BRATTLEBORO -- A Dummerston woman accused of selling her employer’s custom-made jewelry on the Internet for her own profit was sentenced Wednesday to three years of probation.
According to a press release from the Office of the United States Attorney for the District of Vermont, Andrea Carrasquillo, 33, pleaded guilty
Wednesday in U.S. District Court in Burlington to one count of wire fraud.
As part of her sentence, Judge William K. Sessions III ordered Carrasquillo to serve four months of home confinement followed by four months during which she will be subject to a curfew. Carrasquillo was also ordered to pay her victims, Marianna and Richard Jacobs, $19,566.51 in restitution.
During the sentencing, a letter from the Jacobs, who owned Sajen Jewelry in Putney at the time of the theft, was read into the record. In the letter, the Jacobses made a plea for leniency.
"We were very concerned," said Richard Jacobs, in a phone call to the Reformer from India, where he was conducting business. "We didn’t want her to be incarcerated."
Jacobs said he understood that the judge could have sent Carrasquillo to prison, but was relieved that she got probation instead.
"She started working for us when she was very young," he said. "To us, it was like a family member who went off the tracks, but our initial reaction was something must be very wrong for her to resort to something like this."
She was then rehired by Sajen in November of 2010 to help close down the Jacobs’ wholesale business. Between then and March 2011, Carrasquillo sold jewelry to customers throughout the United States and abroad via the Internet and television.
She used her husband’s eBay account to sell pieces of jewelry that belonged to Sajen Jewelry at a discount price, according to court documents, often advertised as being "new with tags."
The fraud came to the attention of law enforcement after some of Sajen’s regular customers alerted the business to the scheme.
In all, Carrasquillo sold 337 pieces over eBay at a profit to herself of $17,198.40, according to court documents.
On March 24, 2011, officers from the Windham County Sheriff’s Department executed a search warrant at the home Carrasquillo shared with her husband, Seth, in Dummerston. There they found more than 900 pieces of Sajen jewelry and evidence of an active eBay business.
Andrea Carrasquillo was originally charged in Windham District Court with grand larceny, embezzlement and possession of stolen property. Because the scheme involved interstate commerce, the U.S. Attorney’s Office eventually took over the case.

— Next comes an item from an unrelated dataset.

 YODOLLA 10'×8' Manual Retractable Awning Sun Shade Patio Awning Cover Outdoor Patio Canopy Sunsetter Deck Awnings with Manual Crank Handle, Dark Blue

Her husband was cited for aiding in the commission of a felony and possession of stolen property. Charges against him were eventually dismissed, though the U.S. Attorney’s Office had no comment on why.
When Jacobs and his wife learned of their employee’s betrayal, "We were hurt and shocked the way anyone might be."

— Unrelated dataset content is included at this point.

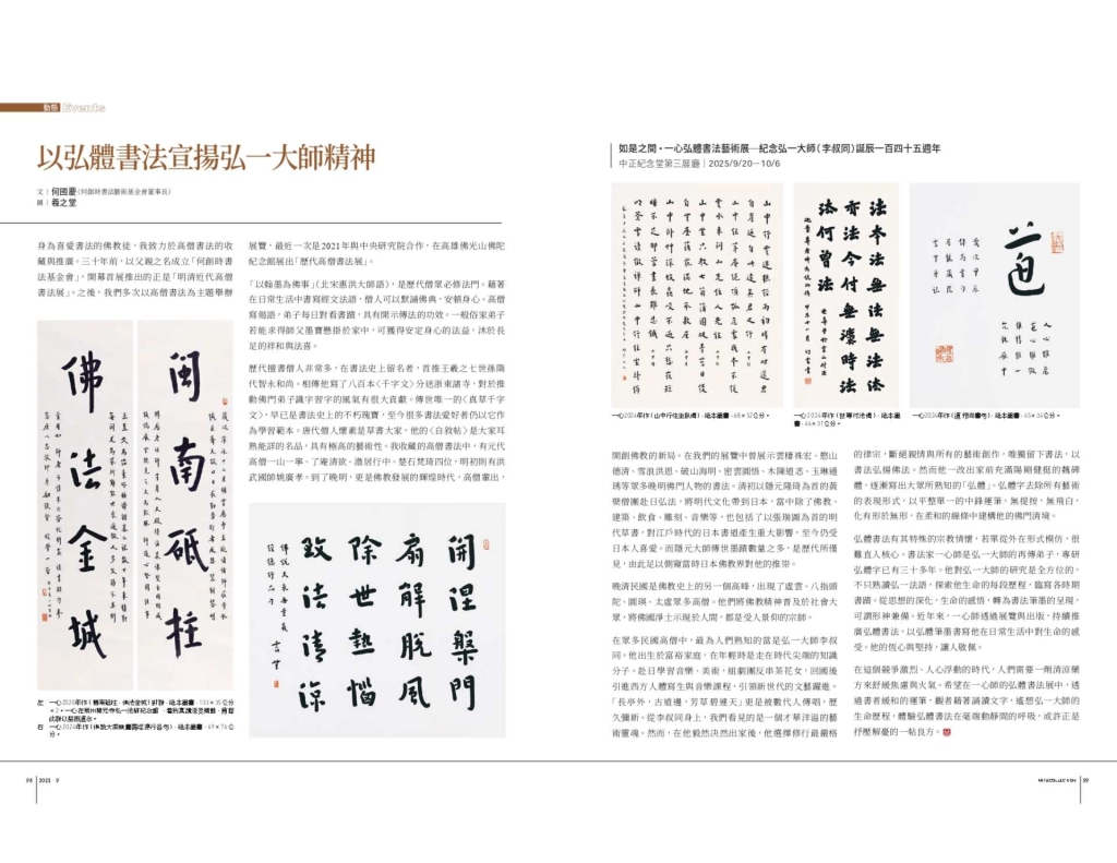 原文載於《典藏.古美術》396期〈以弘體書法宣揚弘一大師精神〉,作者:何國慶(何創時書法藝術基金會董事長)。

Despite that, he and his wife never pressed charges against Carrasquillo.
"We forgave her," he said. "We wanted to reach out and help her, not hurt her. Our position from the beginning was to try to stop what was happening and get our jewelry back. We didn’t expect that this would become a federal case."
Carrasquillo faced up to 20 years in prison. In sentencing her, Sessions considered her lack of criminal history, her acceptance of responsibility, and her family commitments. But Sessions also noted the seriousness of the offense, particularly Carrasquillo’s violation of her employers’ trust.

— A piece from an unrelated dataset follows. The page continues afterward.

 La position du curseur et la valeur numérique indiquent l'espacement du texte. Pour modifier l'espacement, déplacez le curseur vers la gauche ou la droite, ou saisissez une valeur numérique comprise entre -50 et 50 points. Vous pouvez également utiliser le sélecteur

Jacobs said he and his wife were concerned about what might happen to her two children if she had been sent to prison.
"They would have been damaged by having a mother in jail for a couple of years. That’s a big relief for us."
Carrasquillo’s attorney, James Valente, of Costello, Valente & Gentry in Brattleboro, said he wasn’t sure if the letter swayed the judge in determining his client’s sentence, but said Richard and Marianna Jacobs were examples of "compassionate victims."
He said during the time he has represented Carrasquillo, she has been extremely remorseful.
"She apologized at her sentencing," said Valente. "She knew what she did was wrong and she wishes she had made better choices."
Between the time she lost her job at Sajen and was rehired to help wind down the business, Carrasquillo had suffered some setbacks, said Valente, and her husband had also lost his job. He said Carrasquillo made bad choices when the two properties she owned with her husband were on the verge of foreclosure and their car payment was in default.
She and Seth are now divorced, said Valente, and she is caring for two young children and her elderly father, a former teacher at Brattleboro Union High School.
While Jacobs and his wife have a small storefront in Putney, most of their design work is now done for another company.
"Our Offerings store in Putney is a separate business from Sajen and Andrea’s theft did not concern or affect it," said Jacobs. "It is just like any other small country store, lucky to get a few sales a day."
He said he hopes his former employee has learned a lesson well from her prosecution.
"We hope she finds a way to turn this into a positive learning experience."